China’s wind and solar energy capacity has overtaken its thermal energy capacity for the first time  

New data shows 2025 was a big year for Chinese renewable energy – a tipping point moment. In China, wind and solar capacity now outstrips its thermal energy grid. For the world’s largest energy market, and one dirtied with the optics of being heavy-handed with fossil-fuels, it’s an undeniable milestone.  

The shift is visible in the data. According to the National Energy Administration, China’s total installed power generation capacity reached around 3.9 billion kilowatts by the end of 2025, up 16.1% year on year. Solar capacity jumped 35.4% to 1.2 billion kilowatts, while wind power rose 22.9% to 640 million kilowatts. Together, wind and solar passed the 1.8-billion-kilowatt mark – close to half of China’s total installed capacity – overtaking thermal power by roughly 300 million kilowatts. For the first time, fossil generation is no longer the dominant force on China’s capacity ledger. 
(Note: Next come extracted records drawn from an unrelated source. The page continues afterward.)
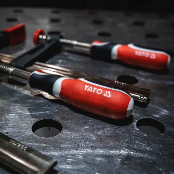 • YATO stolarska stega F-tipa dimenzija 1200/120 predstavlja vrhunski alat dizajniran za najzahtevnije stolarske i montažne radove, gde je neophodna maksimalna stabilnost, veliki radni domet i apsolutna čvrstoća pri stezanju ekstremno velikih radnih komada. Njeno telo, konstruisano od debelih i stabilnih šina sa dodatnim strukturalnim ojačanjima, pruža izuzetnu otpornost na savijanje i torziju pod intenzivnim opterećenjem, čime se obezbeđuje sigurno i pouzdano fiksiranje i poravnavanje. Vijak sa posebno izrezbarenim navojem, zajedno sa ojačanim profilom ruku, garantuje glatko i moćno stezanje, dok je ergonomska drška obložena mekim tehničkim materijalom za udobniji, sigurniji i snažniji hvat koji smanjuje zamor tokom produženog rada. Ključnu funkcionalnost za očuvanje kvaliteta obrade pruža pritisna ploča montirana na kuglastom zglobu, koja se automatski prilagođava uglu površine, i mekane plastične obloge koje štite finu površinu drveta od oštećenja, udubljenja i ostavljanja tragova. Ova robusna i svestrana stega je neophodna u svakoj profesionalnoj stolarskoj radionici, fabrici nameštaja ili montažnoj hali, gde se ceni dugotrajnost, preciznost i zaštita kvaliteta finalnog proizvoda u velikim formatima.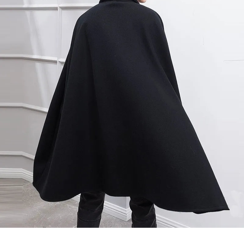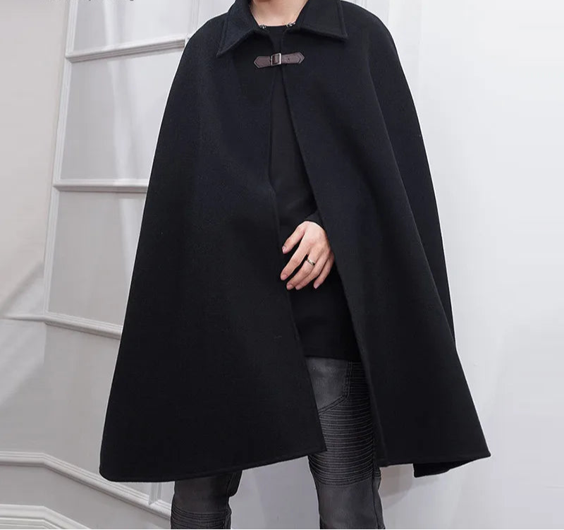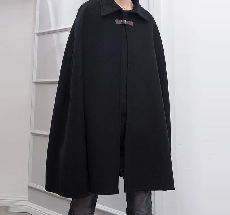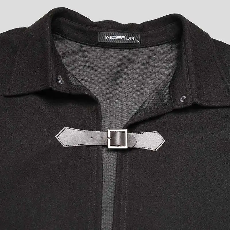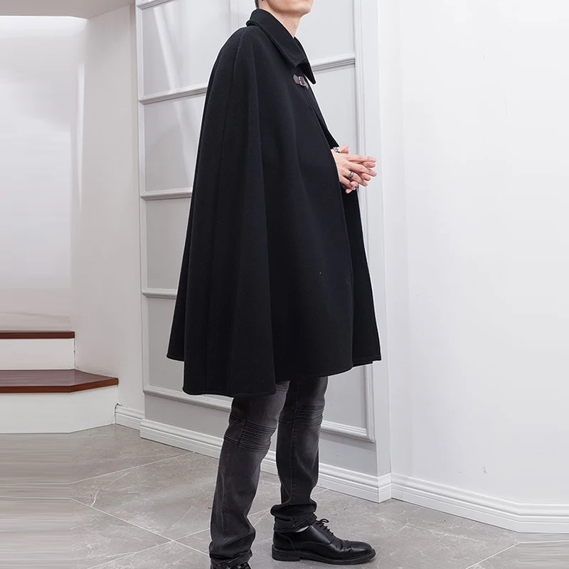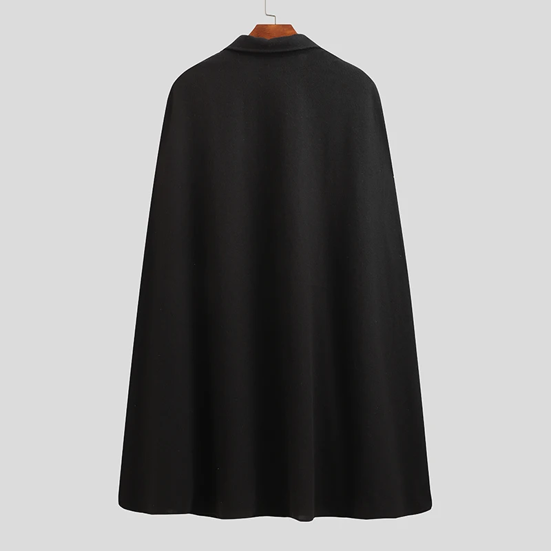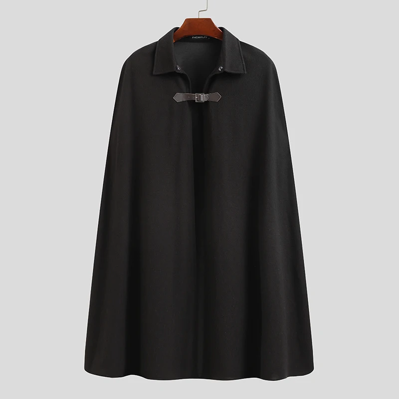 Fashion Men Cloak Coats Lapel Solid Color One Button Cape Trench Streetwear Casual Male Overcoats Ponchose S-5XL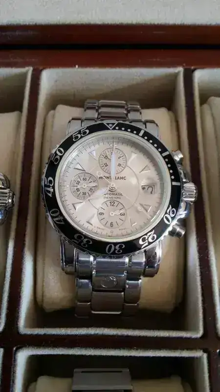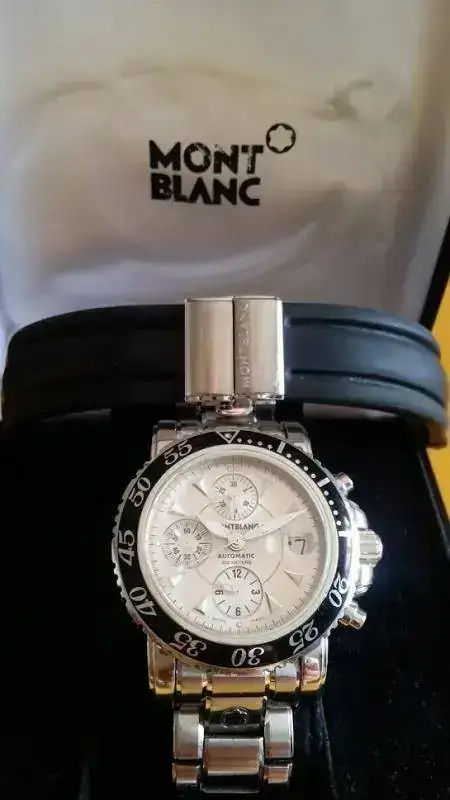 Hola compañeros, hoy pongo a la venta este Montblanc Sport Chrono Automático con Armis y Caucho, con toda su dotación, a saber : armis completo, caucho, caja papeles y caja exterior de cartón. El estado estético y de marcha es muy bueno sin apenas marcas reseñables, solo alguna en el cierre.

China wind and solar capacity

That crossover was powered by a record buildout. China added 430 million kilowatts of new wind and solar capacity in 2025, the highest annual total on record. Solar led the charge (pun intended) with 315 million kilowatts of new installations, while wind added 119 million kilowatts, accelerating sharply from the previous year. Analysts point to recent market reforms as a key factor. Rules requiring new renewable projects to sell electricity at market prices have favoured wind developers, where returns have proven more predictable than solar’s increasingly competitive, bid-driven model. 

And so solar told a less linear story in 2025. Industry data shows a sharp, policy-driven surge in the year’s first half, but a big slowdown in the second. BloombergNEF has it that global annual solar additions will slack over the next decade, with China’s market facing pressure as subsidies fade and margins narrow. Wind is better placed. Industry estimates put China’s new wind installations at around 120 million kilowatts in 2026.  

Under its climate commitments, China is targeting roughly 3.6 billion kilowatts of combined wind and solar capacity by 2035. That includes peak carbon emissions by 2030, and carbon neutrality by 2060.